(Data items)
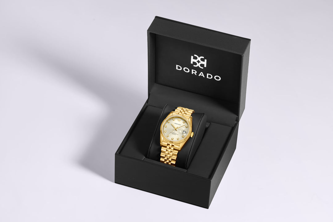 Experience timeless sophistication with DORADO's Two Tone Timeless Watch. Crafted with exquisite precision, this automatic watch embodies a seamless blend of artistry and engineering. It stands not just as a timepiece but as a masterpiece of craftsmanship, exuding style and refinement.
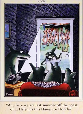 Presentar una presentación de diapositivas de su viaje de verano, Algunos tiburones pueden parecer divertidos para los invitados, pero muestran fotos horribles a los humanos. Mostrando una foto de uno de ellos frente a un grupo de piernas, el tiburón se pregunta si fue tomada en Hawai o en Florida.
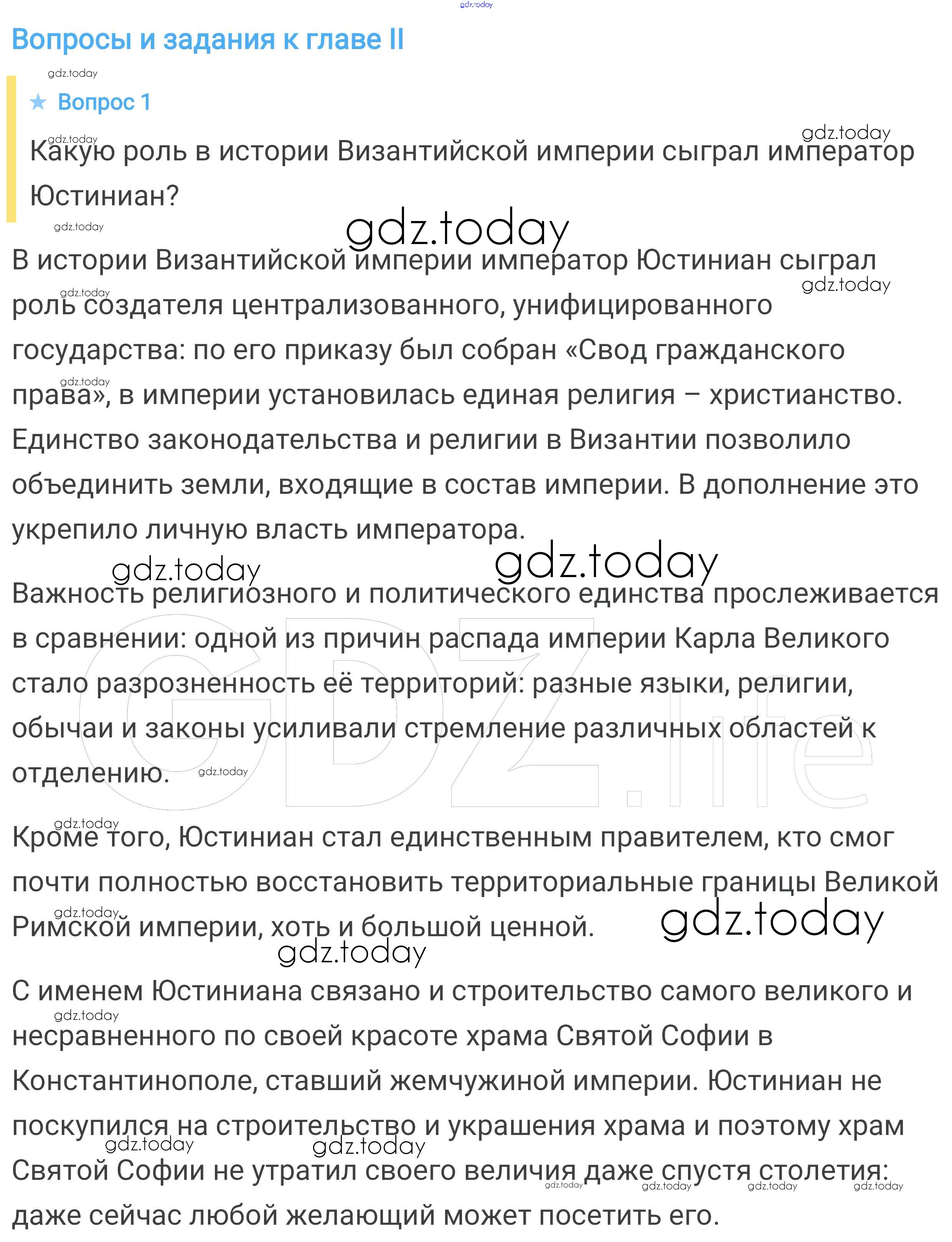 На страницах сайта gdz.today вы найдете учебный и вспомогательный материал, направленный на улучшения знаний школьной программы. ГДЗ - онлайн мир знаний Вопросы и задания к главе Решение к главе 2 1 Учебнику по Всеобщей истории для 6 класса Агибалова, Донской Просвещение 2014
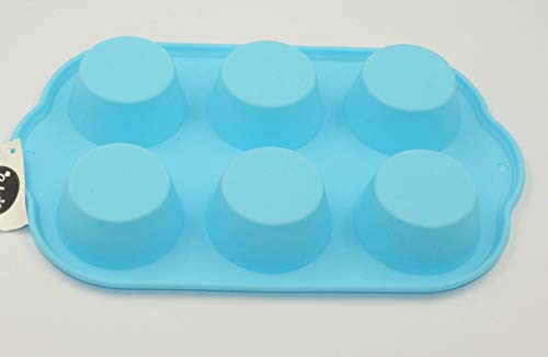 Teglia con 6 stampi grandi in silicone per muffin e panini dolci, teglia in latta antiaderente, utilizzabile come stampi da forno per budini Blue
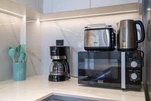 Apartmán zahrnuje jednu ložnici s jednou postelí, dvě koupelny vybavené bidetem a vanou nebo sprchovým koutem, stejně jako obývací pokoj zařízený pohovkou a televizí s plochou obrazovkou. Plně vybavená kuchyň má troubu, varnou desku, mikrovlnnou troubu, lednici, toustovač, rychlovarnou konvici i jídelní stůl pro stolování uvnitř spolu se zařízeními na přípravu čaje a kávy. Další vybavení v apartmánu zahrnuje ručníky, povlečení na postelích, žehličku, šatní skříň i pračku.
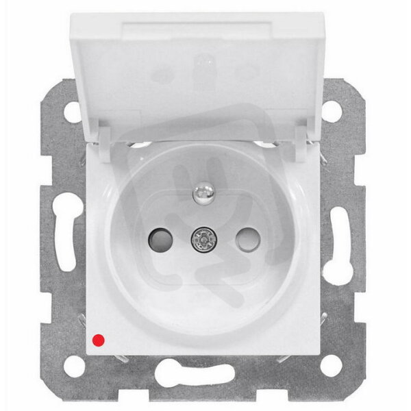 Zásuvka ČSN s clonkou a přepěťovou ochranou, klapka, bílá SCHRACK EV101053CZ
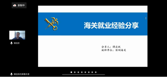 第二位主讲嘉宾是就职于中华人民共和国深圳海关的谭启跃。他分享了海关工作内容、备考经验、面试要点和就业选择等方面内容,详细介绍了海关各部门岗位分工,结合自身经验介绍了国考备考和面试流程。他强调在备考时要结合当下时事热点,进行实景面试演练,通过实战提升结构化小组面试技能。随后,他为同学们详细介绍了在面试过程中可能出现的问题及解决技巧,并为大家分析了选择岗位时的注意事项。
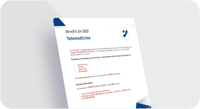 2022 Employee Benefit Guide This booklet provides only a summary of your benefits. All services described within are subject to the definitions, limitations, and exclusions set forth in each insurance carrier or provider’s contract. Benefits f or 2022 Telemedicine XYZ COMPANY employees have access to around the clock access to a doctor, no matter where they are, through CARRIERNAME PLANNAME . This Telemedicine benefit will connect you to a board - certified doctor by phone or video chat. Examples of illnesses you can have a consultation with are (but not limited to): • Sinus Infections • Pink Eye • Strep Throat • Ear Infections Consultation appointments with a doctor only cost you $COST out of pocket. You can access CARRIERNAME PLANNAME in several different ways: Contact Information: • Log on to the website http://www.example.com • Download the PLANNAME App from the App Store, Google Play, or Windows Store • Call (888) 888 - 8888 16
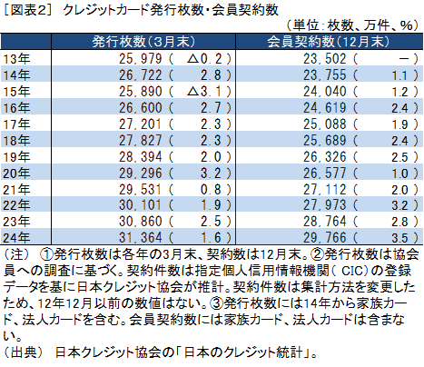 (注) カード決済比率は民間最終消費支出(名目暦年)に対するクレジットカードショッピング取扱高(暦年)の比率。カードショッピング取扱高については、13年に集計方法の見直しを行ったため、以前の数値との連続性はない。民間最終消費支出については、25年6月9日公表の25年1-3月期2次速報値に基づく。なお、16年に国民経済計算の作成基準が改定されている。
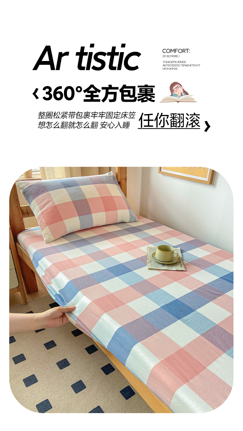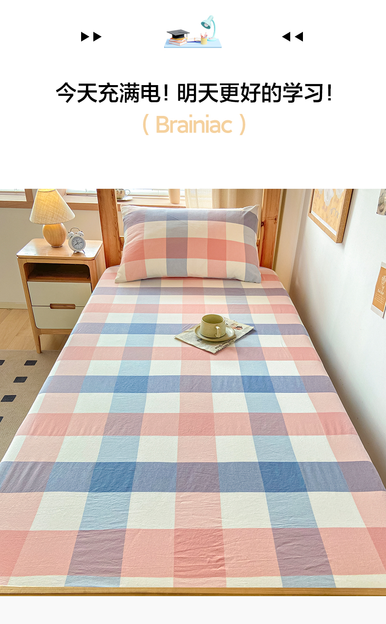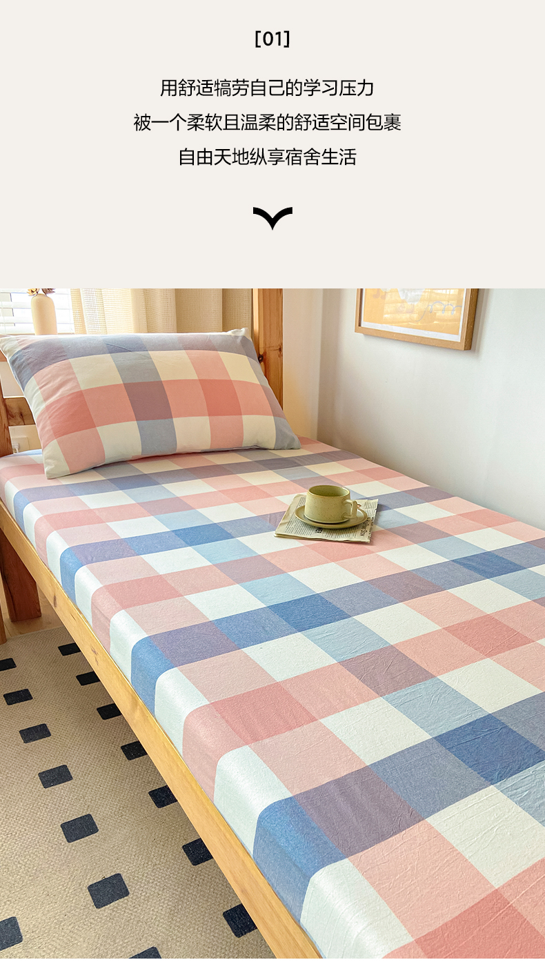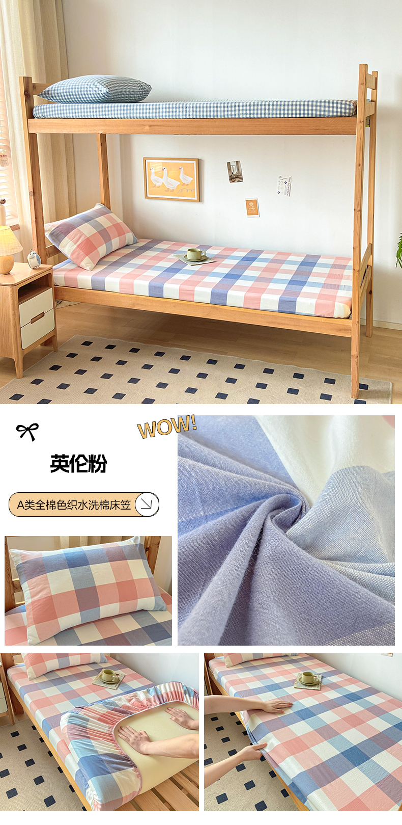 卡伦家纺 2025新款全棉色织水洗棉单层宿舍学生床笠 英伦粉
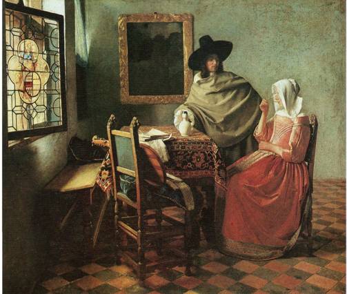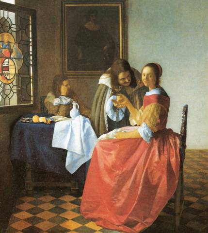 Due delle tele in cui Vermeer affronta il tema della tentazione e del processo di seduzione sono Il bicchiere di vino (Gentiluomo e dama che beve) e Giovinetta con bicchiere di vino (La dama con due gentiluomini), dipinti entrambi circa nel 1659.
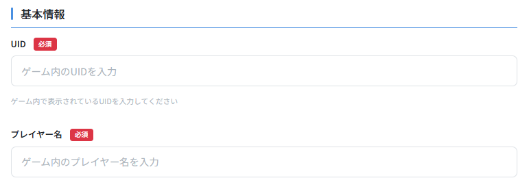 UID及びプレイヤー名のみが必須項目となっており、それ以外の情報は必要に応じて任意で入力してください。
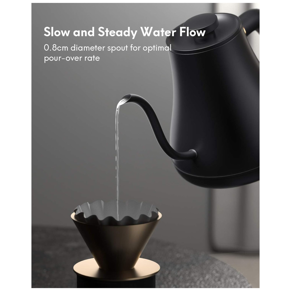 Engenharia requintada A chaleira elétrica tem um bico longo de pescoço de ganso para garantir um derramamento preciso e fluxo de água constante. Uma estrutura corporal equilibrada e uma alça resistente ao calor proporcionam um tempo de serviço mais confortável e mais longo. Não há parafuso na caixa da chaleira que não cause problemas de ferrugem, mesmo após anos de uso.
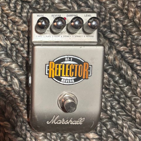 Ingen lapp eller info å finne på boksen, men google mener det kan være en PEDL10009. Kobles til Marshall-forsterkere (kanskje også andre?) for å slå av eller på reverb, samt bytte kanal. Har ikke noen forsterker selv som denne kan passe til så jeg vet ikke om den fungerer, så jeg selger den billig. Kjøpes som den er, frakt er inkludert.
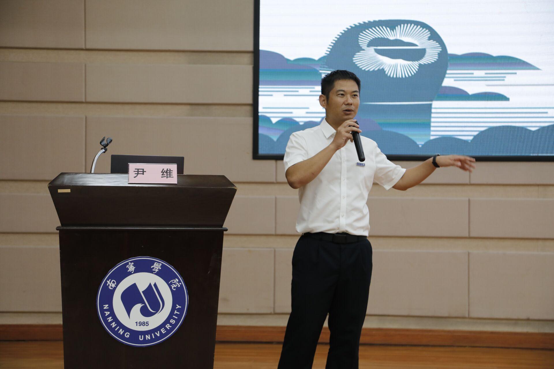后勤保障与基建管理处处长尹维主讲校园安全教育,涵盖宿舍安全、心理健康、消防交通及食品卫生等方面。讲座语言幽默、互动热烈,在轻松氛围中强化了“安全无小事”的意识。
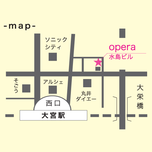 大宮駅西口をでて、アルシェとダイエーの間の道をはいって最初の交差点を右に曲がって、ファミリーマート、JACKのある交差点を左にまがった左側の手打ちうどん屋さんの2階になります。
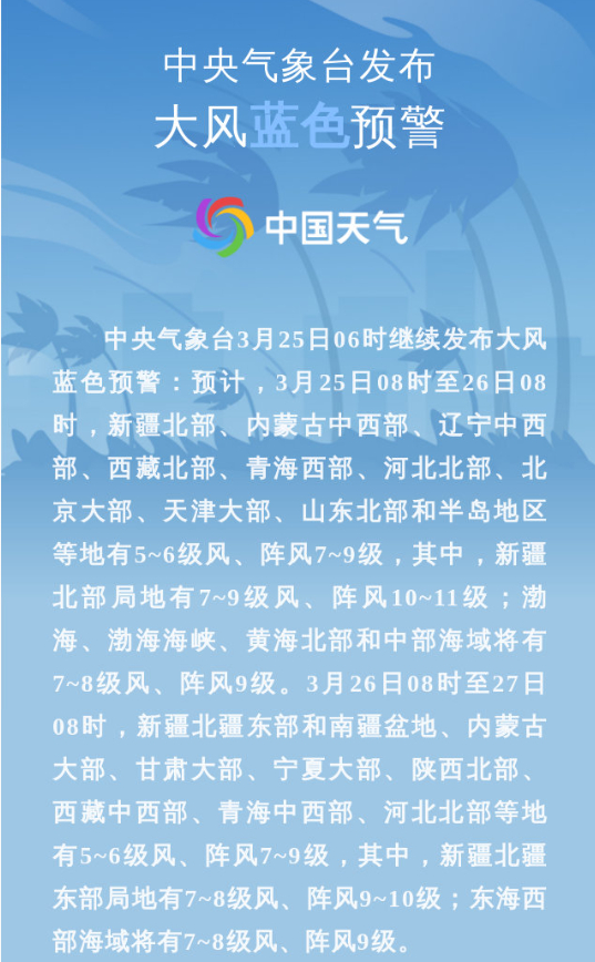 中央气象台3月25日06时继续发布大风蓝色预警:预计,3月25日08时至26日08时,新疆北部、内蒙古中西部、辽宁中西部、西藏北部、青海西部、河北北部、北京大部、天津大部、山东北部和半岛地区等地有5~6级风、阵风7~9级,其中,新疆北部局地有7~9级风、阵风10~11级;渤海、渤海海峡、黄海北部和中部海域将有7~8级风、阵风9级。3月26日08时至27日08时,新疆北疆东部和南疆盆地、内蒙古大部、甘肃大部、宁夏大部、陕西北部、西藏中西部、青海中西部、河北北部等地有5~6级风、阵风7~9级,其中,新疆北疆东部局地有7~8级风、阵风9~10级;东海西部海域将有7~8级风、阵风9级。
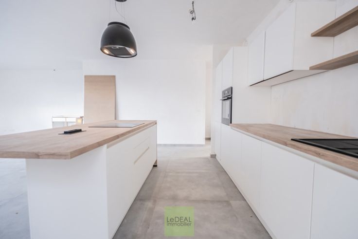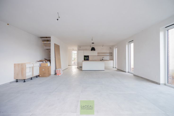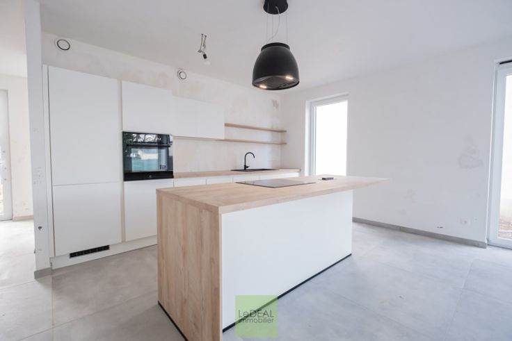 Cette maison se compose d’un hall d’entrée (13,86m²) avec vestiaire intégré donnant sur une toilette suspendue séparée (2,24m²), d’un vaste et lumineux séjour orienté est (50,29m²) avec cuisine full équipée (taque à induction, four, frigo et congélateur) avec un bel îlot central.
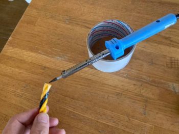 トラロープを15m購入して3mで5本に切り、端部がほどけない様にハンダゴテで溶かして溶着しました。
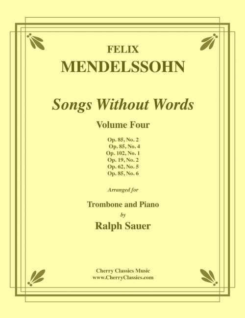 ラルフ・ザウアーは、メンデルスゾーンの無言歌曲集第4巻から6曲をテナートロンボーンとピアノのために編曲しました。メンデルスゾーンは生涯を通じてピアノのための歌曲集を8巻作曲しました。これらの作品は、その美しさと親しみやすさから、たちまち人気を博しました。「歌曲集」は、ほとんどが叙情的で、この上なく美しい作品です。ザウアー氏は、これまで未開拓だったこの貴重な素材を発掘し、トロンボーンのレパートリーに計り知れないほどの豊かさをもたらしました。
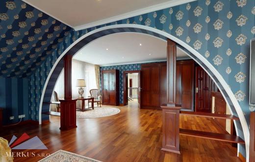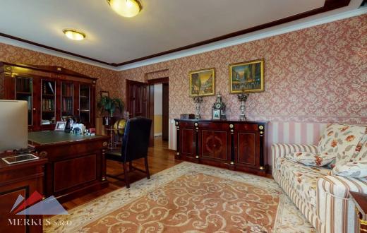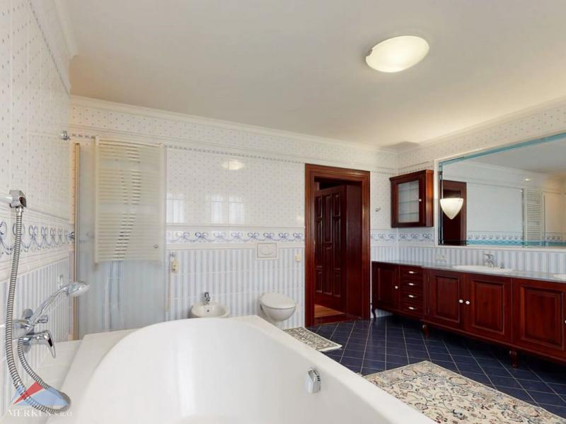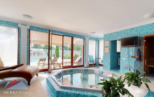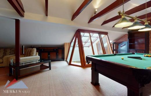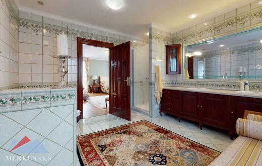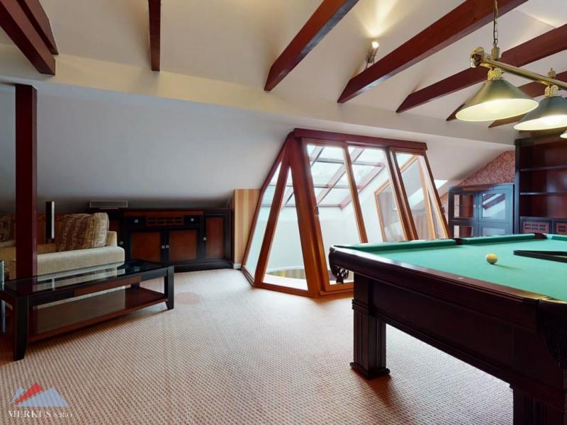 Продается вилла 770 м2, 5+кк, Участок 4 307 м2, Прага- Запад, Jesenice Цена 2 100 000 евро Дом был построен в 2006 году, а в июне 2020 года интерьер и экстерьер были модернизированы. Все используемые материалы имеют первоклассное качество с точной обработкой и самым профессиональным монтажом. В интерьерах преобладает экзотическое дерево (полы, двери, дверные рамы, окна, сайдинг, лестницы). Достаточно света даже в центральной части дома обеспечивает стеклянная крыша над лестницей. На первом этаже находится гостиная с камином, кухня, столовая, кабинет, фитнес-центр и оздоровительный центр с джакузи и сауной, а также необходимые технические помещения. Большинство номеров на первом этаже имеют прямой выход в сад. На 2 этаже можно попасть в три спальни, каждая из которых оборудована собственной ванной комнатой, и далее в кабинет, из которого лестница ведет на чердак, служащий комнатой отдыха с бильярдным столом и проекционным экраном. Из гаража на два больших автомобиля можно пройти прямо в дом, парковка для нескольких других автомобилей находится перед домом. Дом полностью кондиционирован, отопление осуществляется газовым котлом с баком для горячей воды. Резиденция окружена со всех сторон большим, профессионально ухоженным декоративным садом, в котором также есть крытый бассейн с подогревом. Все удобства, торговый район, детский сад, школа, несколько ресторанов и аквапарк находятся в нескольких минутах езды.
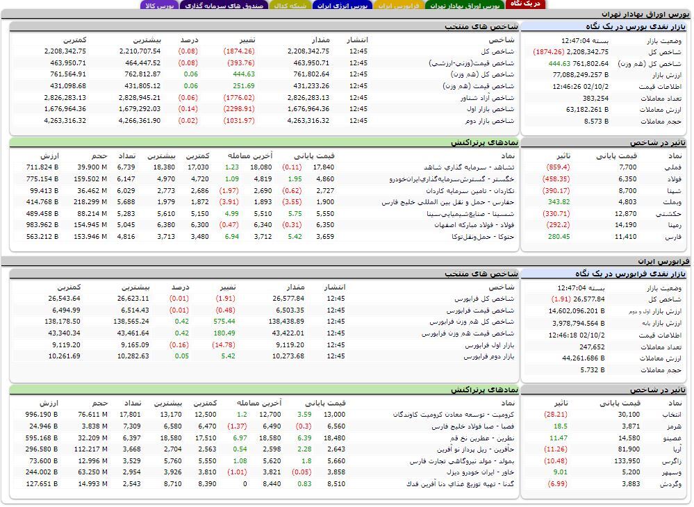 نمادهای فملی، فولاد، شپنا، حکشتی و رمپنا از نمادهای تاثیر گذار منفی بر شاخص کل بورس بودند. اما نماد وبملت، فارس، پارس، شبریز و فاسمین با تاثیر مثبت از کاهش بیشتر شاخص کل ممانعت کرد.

**The problem**
Output exactly the lines above, from the line with "Zásuvka ČSN s" to the line with "第二位主讲嘉宾是就职于中华人", both included; skip the pictures.

**Reply**
 Zásuvka ČSN s clonkou a přepěťovou ochranou, klapka, bílá SCHRACK EV101053CZ
 第二位主讲嘉宾是就职于中华人民共和国深圳海关的谭启跃。他分享了海关工作内容、备考经验、面试要点和就业选择等方面内容,详细介绍了海关各部门岗位分工,结合自身经验介绍了国考备考和面试流程。他强调在备考时要结合当下时事热点,进行实景面试演练,通过实战提升结构化小组面试技能。随后,他为同学们详细介绍了在面试过程中可能出现的问题及解决技巧,并为大家分析了选择岗位时的注意事项。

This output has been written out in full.